少年の名前は、アレセスと言った。

ディアナは、その子の様子が自分の知っている村の子供たちとは随分違っていることに、戸惑いを隠せなかったが、悪い感じはしなかった。

(なぜかしら?)

少年は、車いすに乗っていても、ちっとも不幸そうに見えなかった。

それどころか、少年は希望に満ち溢れ、キラキラと輝いていた。

ディアナは、この少年は脚を治して欲しくて自分を呼んだのではないと、直感的に悟った。

少年は、不思議な目の色をしていた。

一見、紫色がかった淡い水色だったが、見方によっては、深い深い海の底を思わせるウルトラマリンブルーに見えたり、金を表面に流した墨のような漆黒にも見えた。

その目は、今までディアナが出会った誰のものとも違っていて、ディアナはなんだかどぎまぎしてしまった。

ディアナは、手を握ったまま、微笑み返そうとしたが、うまくいかなかった。

なんだか、その不思議な目に吸い込まれそうだった。

しかし、少年はそんなディアナに気がつかないようで、ジルミサーレを見ながら驚いた様子で言った。

「これ君のベリーサ?綺麗だね!こんなベリーサは見た事ないよ。普通のベリーサはみんな茶色の毛並みなのに」

ディアナは、アレセスの話し方が、普通の少年たちと全く変わらないのを聞いて、少しほっとした。

ディアナは、こんな不思議な目の少年は一体どんな問題を持っていて、ディアナに何をしてほしいのだろう、自分には、この少年の要求に答えるに足りる力があるだろうか、と不安に思っていたからである。
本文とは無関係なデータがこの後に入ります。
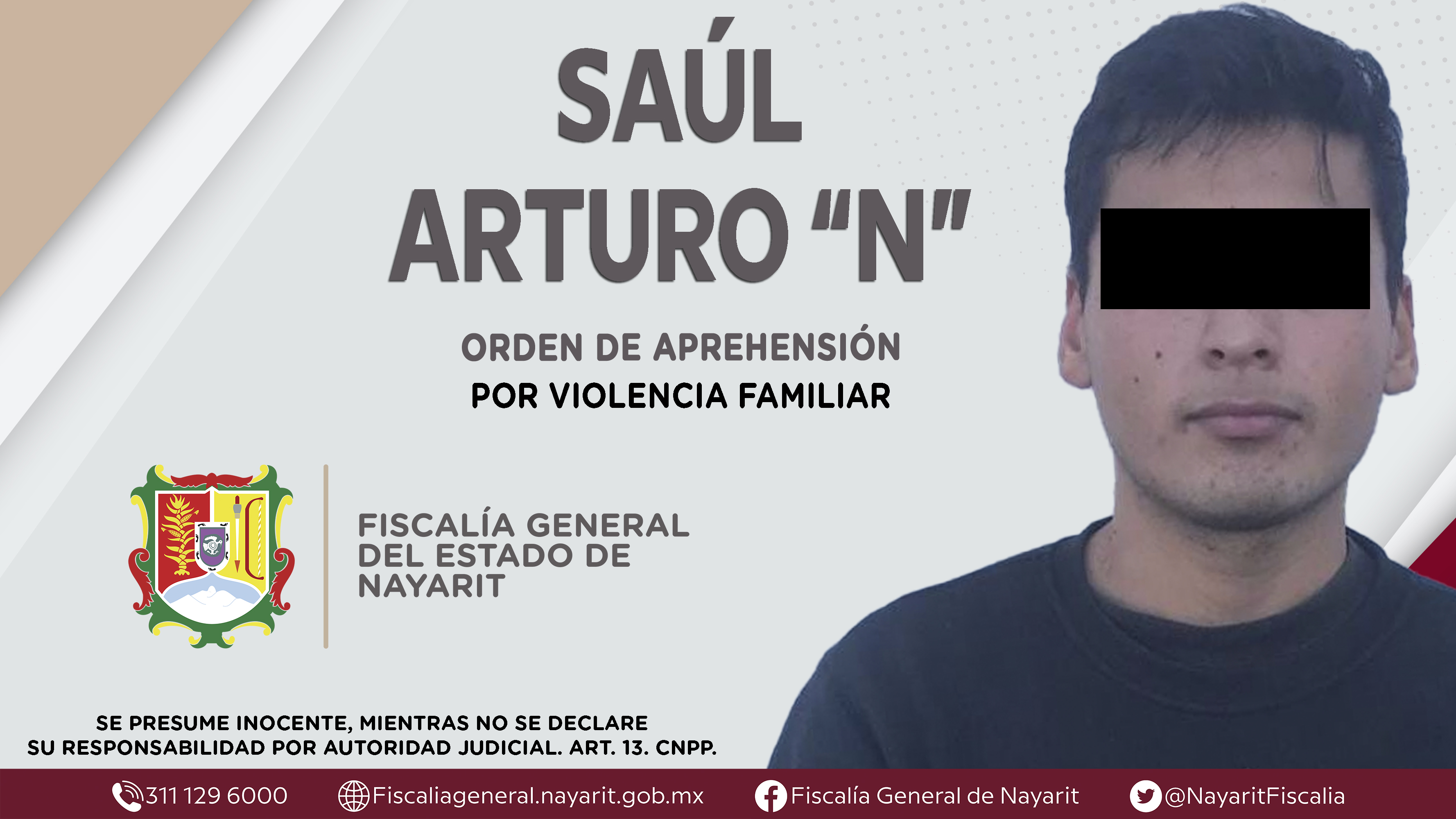 La Fiscalía General del Estado a través de la Agencia de Investigación Criminal cumplimentó una orden de aprehensión en la ciudad de Tepic contra Saúl Arturo “N”, por su presunta participación en hechos que según apreciación de la ley encuad...

アレセスは、ジルミサーレにさわってみたそうだったが、ベリーサという生き物に敬意をはらってか、口に出しては言わなかった。

「名前はなんていうの?」

「ジルミサーレ、銀の巻き毛だから。」

ディアナがそう言うと、アレセスははっとした様子で、

「君、古語が話せるの?僕も古語を勉強したんだよ。お父さんが自分を知るためには、古語の勉強が欠かせないって言ってね。」